> _Try it_
Return the lines of the material below exactly, beginning with the line that has "The decorative tassels" in it and finishing with the line that has "Situata sul sito" in it. Leave all pictures aside.

> _Records shown_

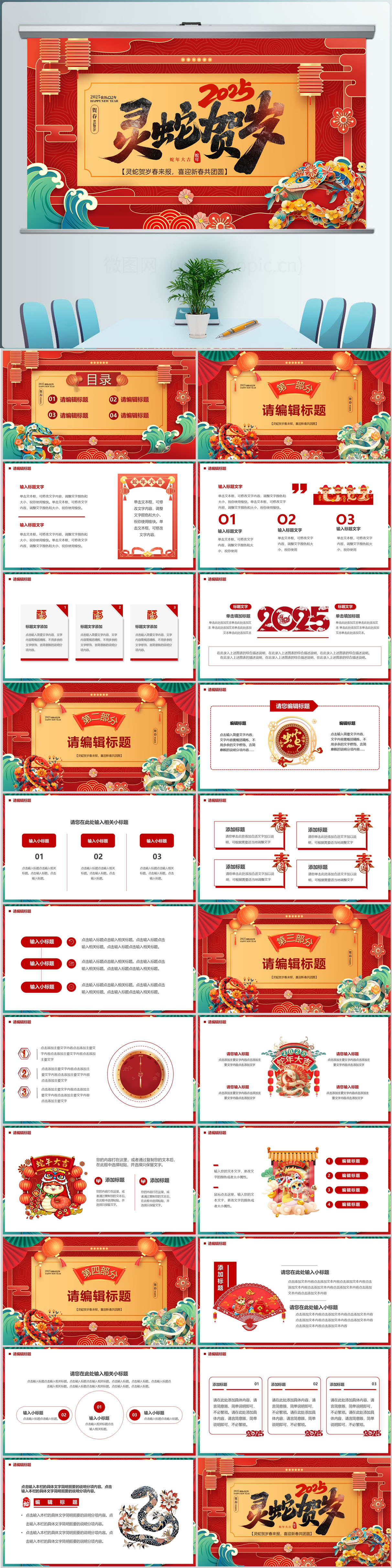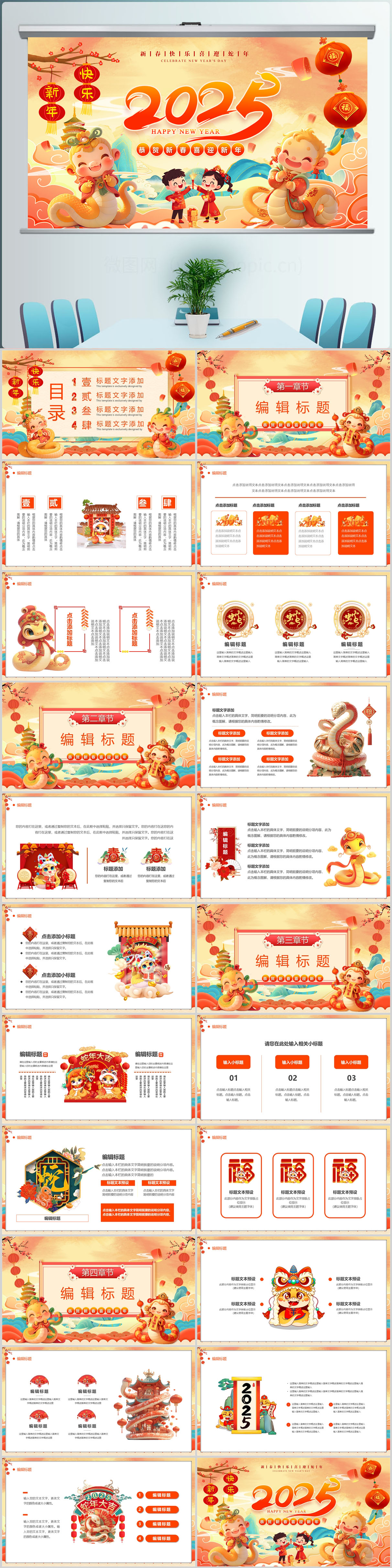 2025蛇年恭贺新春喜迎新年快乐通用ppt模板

==

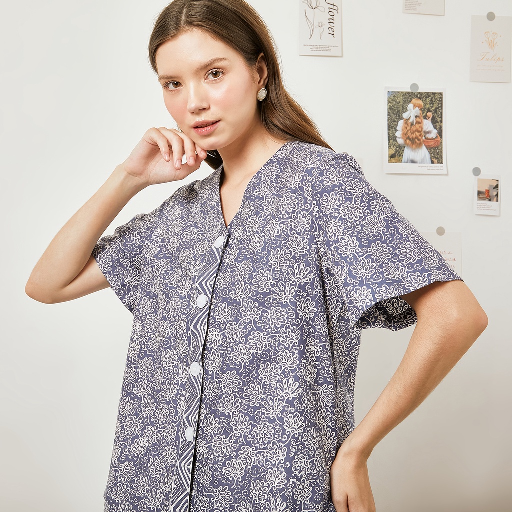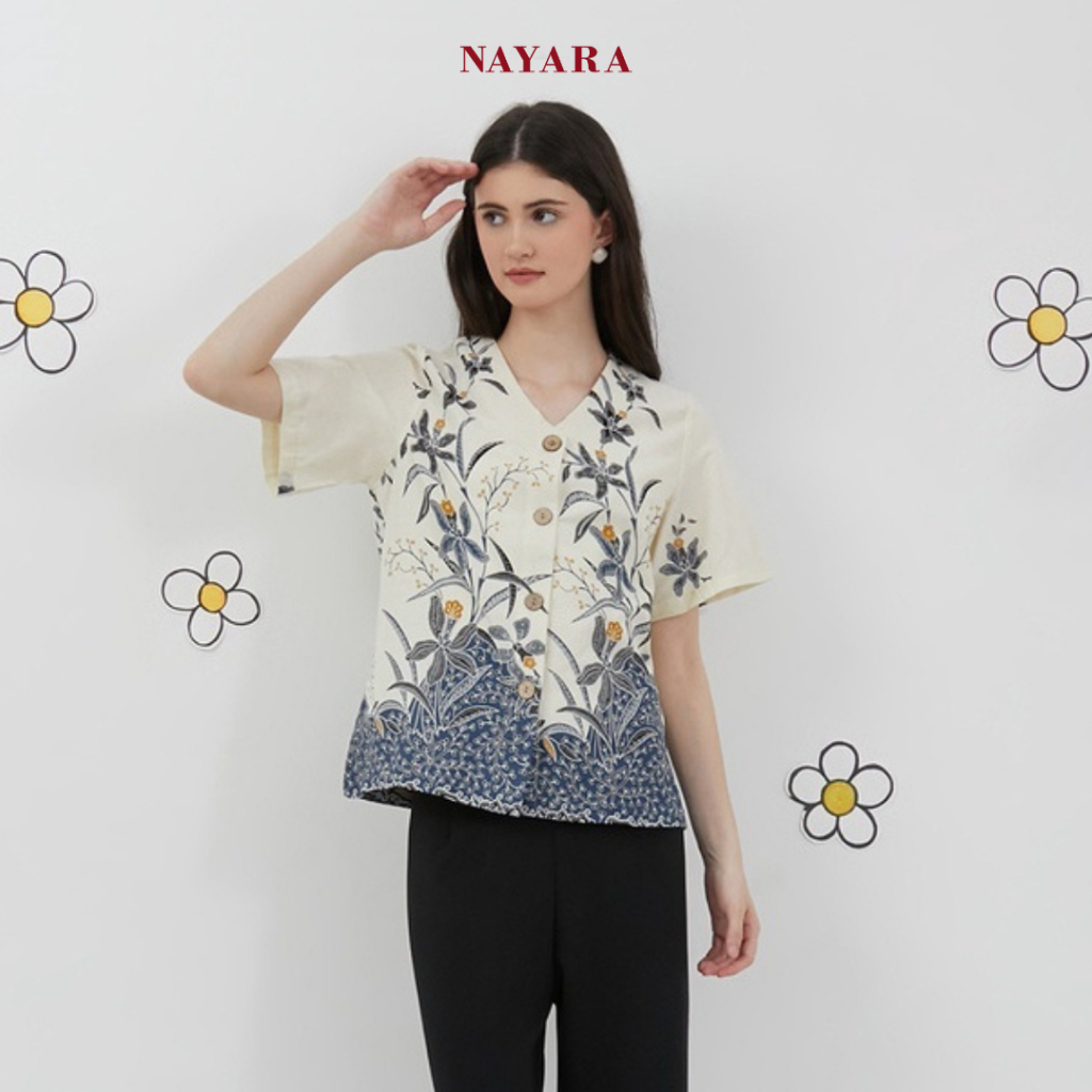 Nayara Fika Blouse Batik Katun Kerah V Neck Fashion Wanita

...

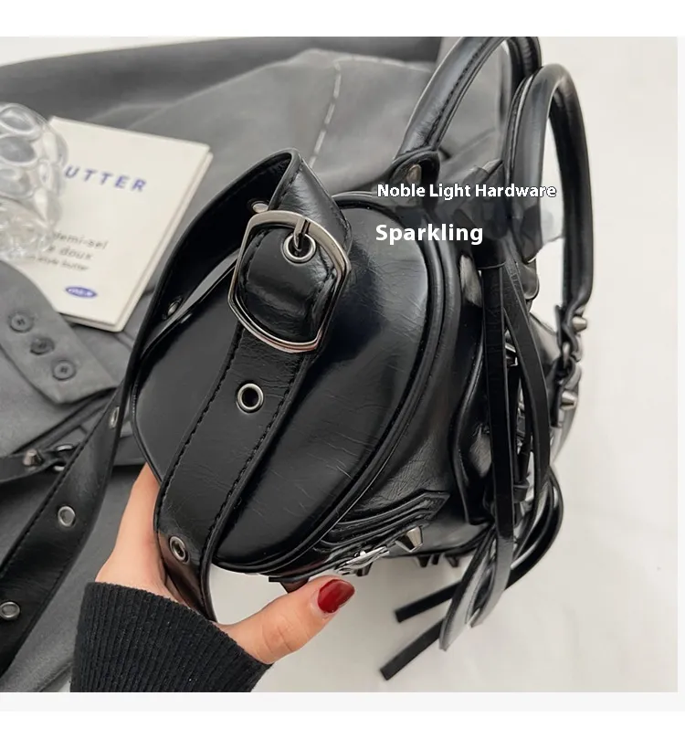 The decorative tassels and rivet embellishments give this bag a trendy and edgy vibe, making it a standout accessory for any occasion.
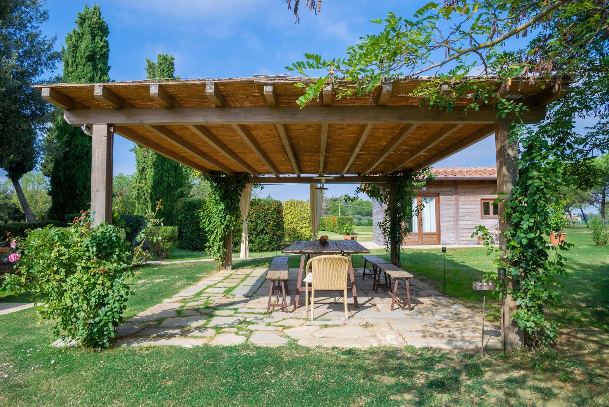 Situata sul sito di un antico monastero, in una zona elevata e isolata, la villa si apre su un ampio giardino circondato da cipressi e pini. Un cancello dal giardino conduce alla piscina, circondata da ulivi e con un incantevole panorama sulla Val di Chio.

> _Output for this task_
 The decorative tassels and rivet embellishments give this bag a trendy and edgy vibe, making it a standout accessory for any occasion.
 Situata sul sito di un antico monastero, in una zona elevata e isolata, la villa si apre su un ampio giardino circondato da cipressi e pini. Un cancello dal giardino conduce alla piscina, circondata da ulivi e con un incantevole panorama sulla Val di Chio.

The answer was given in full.